While evolving from structure to structure, since our society is still segmented and we do not agree upon a holistic educational system yet, we remain with what is the so-called ‘shadow’ – the parts left behind during our development process, which remained not integrated and which act on the unconscious level until they are embraced and integrated. Most of the time, at least until the shadow is actively approached and re-owned through different techniques, it is not visible to us. For example, someone who hasn’t undergone thorough self-discovery practices and practices for re-owning the shadow and identifies with the values described at the pluralistic structure of development most likely has shadow at the lower structures, with which one disidentifies with. This created inner and collective conflict, which perpetuated separation and suffering.

A good representation of this could be the immigration issue (for example, in Europe) – from a pluralistic perspective, the decision to let immigrants in was the only one viable, and in terms of morality, it has the better argument, even if idealistic. The Mythic structure in this case might have enforced some stricter conditions, which could arguably be regarded as abusive from the pluralistic level, for example, enforcing a commitment to local religion and traditions (which has been done in the past a lot). However, even if the pluralistic approach is the better one, since many people are still at a mythic level of development, there are consequences when two different cultures with different ideals start living together. 

Since our society can’t yet agree even upon pluralistic ideals and is a lot of work to be done regarding the shadow from other levels, and Wilber putting so much emphasis on the Integral structure, and on the development of all lines of intelligence, his work is indeed ahead of its time, since the people aren’t yet at that level of development with enough shadow cleared as to understand without feeling patronized due to their shadow’s defense mechanisms kicking in.

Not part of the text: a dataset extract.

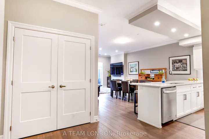 +"PublicRemarks": "Experience elevated condo living in one of Londons most desirable communities North Link by TRICAR, perfectly located off Sunningdale and near the London Golf Club. This stunning accessible 2-bedroom, 2-bathroom condo is only three years young and move-in ready, offering modern elegance with thoughtful design throughout. Featuring lower light switches, wider doorways, and a barrier-free tub and shower, this home combines comfort, style, and accessibility. High ceilings, engineered hardwood floors, and sleek pot lights create a bright, contemporary feel. The open-concept living area boasts a stylish electric fireplace and a defined dining space, ideal for entertaining. The kitchen impresses with fine cabinetry, quartz countertops, a tile backsplash, and a convenient pantry. A floor-to-ceiling door fills the space with natural light and opens to a spacious balcony overlooking scenic trails the perfect place to unwind. Enjoy the convenience of in-suite laundry, stainless steel appliances, window coverings, two underground parking spots, and a storage locker. Building amenities include a fitness room, golf simulator, resident lounge, guest suite, and secure entry. Step outside to enjoy the exclusive sports court or outdoor patio overlooking Medway Valley. The building is pre-wired with fibre internet and CAT 5E data lines, and features energy-efficient heating and cooling with programmable thermostats. Condo fees include all utilities except hydro for added peace of mind. Conveniently located near Masonville Mall, University Hospital, and Western University, North Link offers the perfect balance of luxury, location, and lifestyle. Book your private showing today and discover the ease of accessible luxury living."

A person who has not put in work to actively progress on all lines of intelligence (intellectual, emotional, somatic, spiritual, intrapersonal, interpersonal, and so on) won’t be able to understand the entire depth of a person who has.

And although I agree that we can find issues in Wilber’s personal attitude towards certain aspects, and that he could have been more sensible, amongst others (look for articles on critiques on Ken Wilber), I propose that his work should be read as a meta-theory, and his personality personal issues shouldn’t be mixed with integral theory, although they sometimes reflect in his work.

Thus, I do not fully agree with Lahood’s categorization of transpersonalist epochs, since I would say that the participatory turn is not necessarily a next ‘turn’, but the very elaboration of pluralism towards integral. Wilber’s work fulfilled the purpose of creating maps, and combining existing maps, preparing the ground for the integral age. Since our society is far from being an integral society (most people are at a mythic structure), his work had no choice but to be theoretical and cognicentric, because in order for us to organize ourselves at a systemic level, we need cognition, theory, and models.

As explained in this article, each structure develops as a reaction to the previous one, displaying a critical attitude to the structures before. Thus, being part of the first pioneers in the integral age, Wilber has developed his structure by ‘fighting’ against the shortcomings of the previous stage – namely, the pluralists. Wilber critiques their lack of hierarchical thinking and hyper-sensibility which affects responsible decision-making, and the pluralists critique Wilber for his hierarchical thinking which some accuse of being patronizing, insensitive, objectifying, masculinist, and commercializing spirituality (Thompson, 1998; Gelfer, 2010 & 2011). 

Thus, through the participatory insights, we can start doing the work of integrating the insights and shadows from all structures, consciously engaging the mind, heart, body, emotions and intuition, while being aware of the theoretical frameworks provided by the integral model.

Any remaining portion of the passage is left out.